Frequency, Range and Coupling
The most important differentiation criteria for RFID systems are the operating frequency of the reader, the physical coupling method and the range of the system. RFID systems are operated at widely differing frequencies, ranging from 135 kHz longwave to 5.8 GHz in the microwave range. Electric, magnetic and electromagnetic fields are used for the physical coupling. Finally, the achievable range of the system varies from a few millimetres to above 15 m.

RFID systems with a very small range, typically in the region of up to 1 cm, are known as closecoupling systems. For operation the transponder must either be inserted into the reader or positioned upon a surface provided for this purpose. Close-coupling systems are coupled using both electric and magnetic fields and can theoretically be operated at any desired frequency between DC and 30 MHz because the operation of the transponder does not rely upon the radiation of fields. The close coupling between data carrier and reader also facilitates the provision of greater amounts of power and so even a microprocessor with nonoptimal power consumption, for example, can be operated. Close-coupling systems are primarily used in applications that are subject to strict security requirements, but do not require a large range. Examples are electronic door locking systems or contactless smart card systems with payment functions. Close coupling transponders are currently used exclusively as ID-1 format contactless smart cards (ISO 10536). However, the role of close coupling systems on the market is becoming less important.

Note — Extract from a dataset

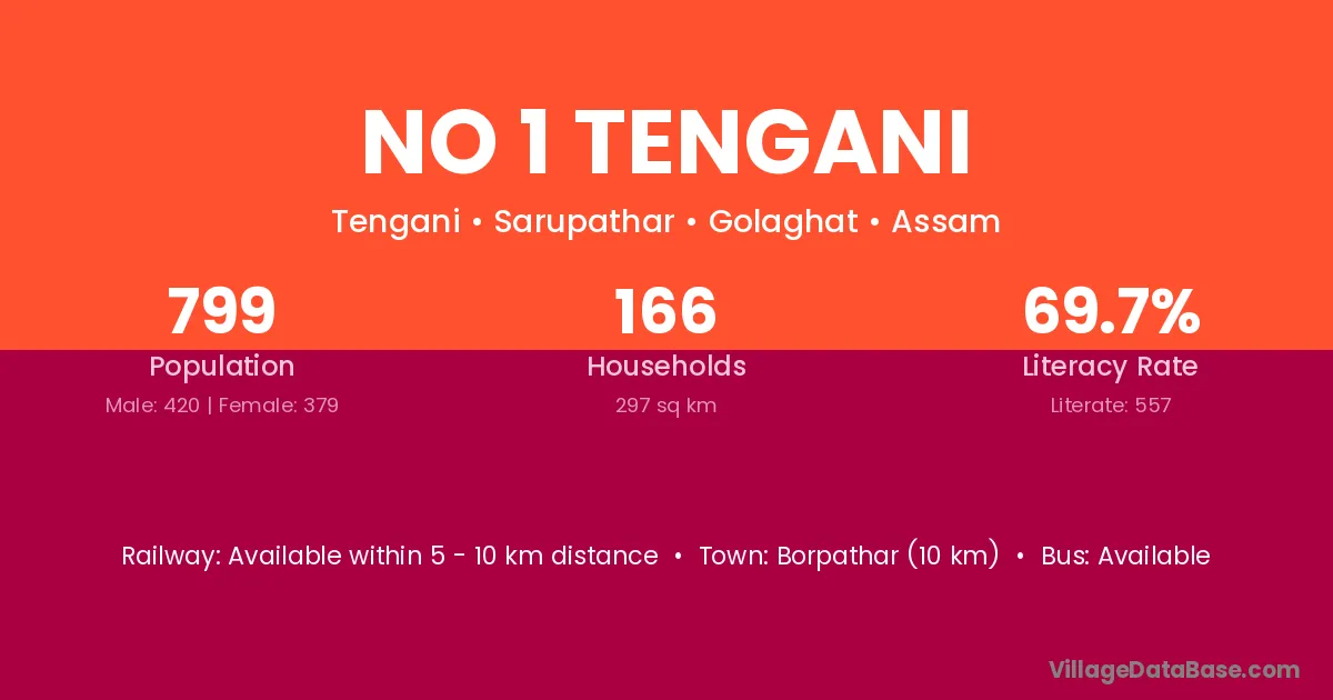 Borpathar (10 km) is the nearest town to No 1 Tengani village for major economic activities and is located approximately 10 km away.

Systems with write and read ranges of up to 1 m are known by the collective term of remote coupling systems. Almost all remote coupled systems are based upon an inductive (magnetic) coupling between reader and transponder. These systems are therefore also known as inductive radio systems. In addition there are also a few systems with capacitive (electric) coupling (Baddeley and Ruiz, 1998). At least 90% of all RFID systems currently sold are inductively coupled systems. For this reason there is now an enormous number of such systems on the market. There is also a series of standards that specify the technical parameters of transponder and reader for various standard applications, such as contactless smart cards, animal identification or industrial automation. These also include proximity coupling (ISO 14443, contactless smart cards)and vicinity coupling systems (ISO 15693, smart label and contactless smart cards). Frequencies below 135 kHz or 13.56 MHz are used as transmission frequencies. Some special applications (e.g. Eurobalise) are also operated at 27.125 MHz.

RFID systems with ranges significantly above 1 m are known as long-range systems. All longrange systems operate using electromagnetic waves in the UHF and microwave range. The vast majority of such systems are also known as backscatter systems due to their physical operating principle. In addition, there are also long-range systems using surface acoustic wave transponders in the microwave range. All these systems are operated at the UHF frequencies of 868 MHz (Europe) and 915 MHz (USA) and at the microwave frequencies of 2.5 GHz and 5.8 GHz. Typical ranges of 3 m can now be achieved using passive (battery-free) backscatter transponders, while ranges of 15 m and above can even be achieved using active (battery-supported) backscatter transponders. The battery of an active transponder, however, never provides the power for data transmission between transponder and reader, but serves exclusively to supply the microchip and for the retention of stored data. The power of the electromagnetic field received from the reader is the only power used for the data transmission between transponder and reader.

In order to avoid reference to a possibly erroneous range figure, this book uses only the terms inductively or capacitively coupled system and microwave system or backscatter system for classification.